The material below contains a line with "Each levels provide" and a line with "With only the". Copy exactly those two lines and all lines between them.

Data for this exercise ::
______________________________

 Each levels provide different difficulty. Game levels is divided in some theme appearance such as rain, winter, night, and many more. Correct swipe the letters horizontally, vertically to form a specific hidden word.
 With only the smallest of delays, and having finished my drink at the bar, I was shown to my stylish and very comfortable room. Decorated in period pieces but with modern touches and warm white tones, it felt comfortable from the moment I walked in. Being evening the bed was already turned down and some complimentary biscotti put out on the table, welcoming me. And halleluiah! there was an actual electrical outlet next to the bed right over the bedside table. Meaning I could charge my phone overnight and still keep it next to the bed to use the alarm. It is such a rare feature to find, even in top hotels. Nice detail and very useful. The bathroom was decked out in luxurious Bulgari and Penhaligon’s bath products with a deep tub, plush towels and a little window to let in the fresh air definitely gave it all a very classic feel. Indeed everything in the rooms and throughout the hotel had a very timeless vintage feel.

______________________________

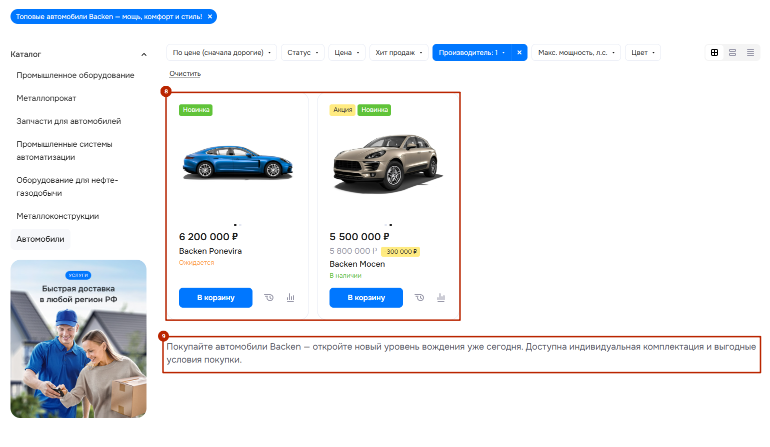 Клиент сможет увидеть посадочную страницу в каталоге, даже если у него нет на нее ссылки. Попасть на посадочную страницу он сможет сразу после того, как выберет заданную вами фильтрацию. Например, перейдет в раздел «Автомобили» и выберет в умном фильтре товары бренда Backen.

______________________________

Response ::
 Each levels provide different difficulty. Game levels is divided in some theme appearance such as rain, winter, night, and many more. Correct swipe the letters horizontally, vertically to form a specific hidden word.
 With only the smallest of delays, and having finished my drink at the bar, I was shown to my stylish and very comfortable room. Decorated in period pieces but with modern touches and warm white tones, it felt comfortable from the moment I walked in. Being evening the bed was already turned down and some complimentary biscotti put out on the table, welcoming me. And halleluiah! there was an actual electrical outlet next to the bed right over the bedside table. Meaning I could charge my phone overnight and still keep it next to the bed to use the alarm. It is such a rare feature to find, even in top hotels. Nice detail and very useful. The bathroom was decked out in luxurious Bulgari and Penhaligon’s bath products with a deep tub, plush towels and a little window to let in the fresh air definitely gave it all a very classic feel. Indeed everything in the rooms and throughout the hotel had a very timeless vintage feel.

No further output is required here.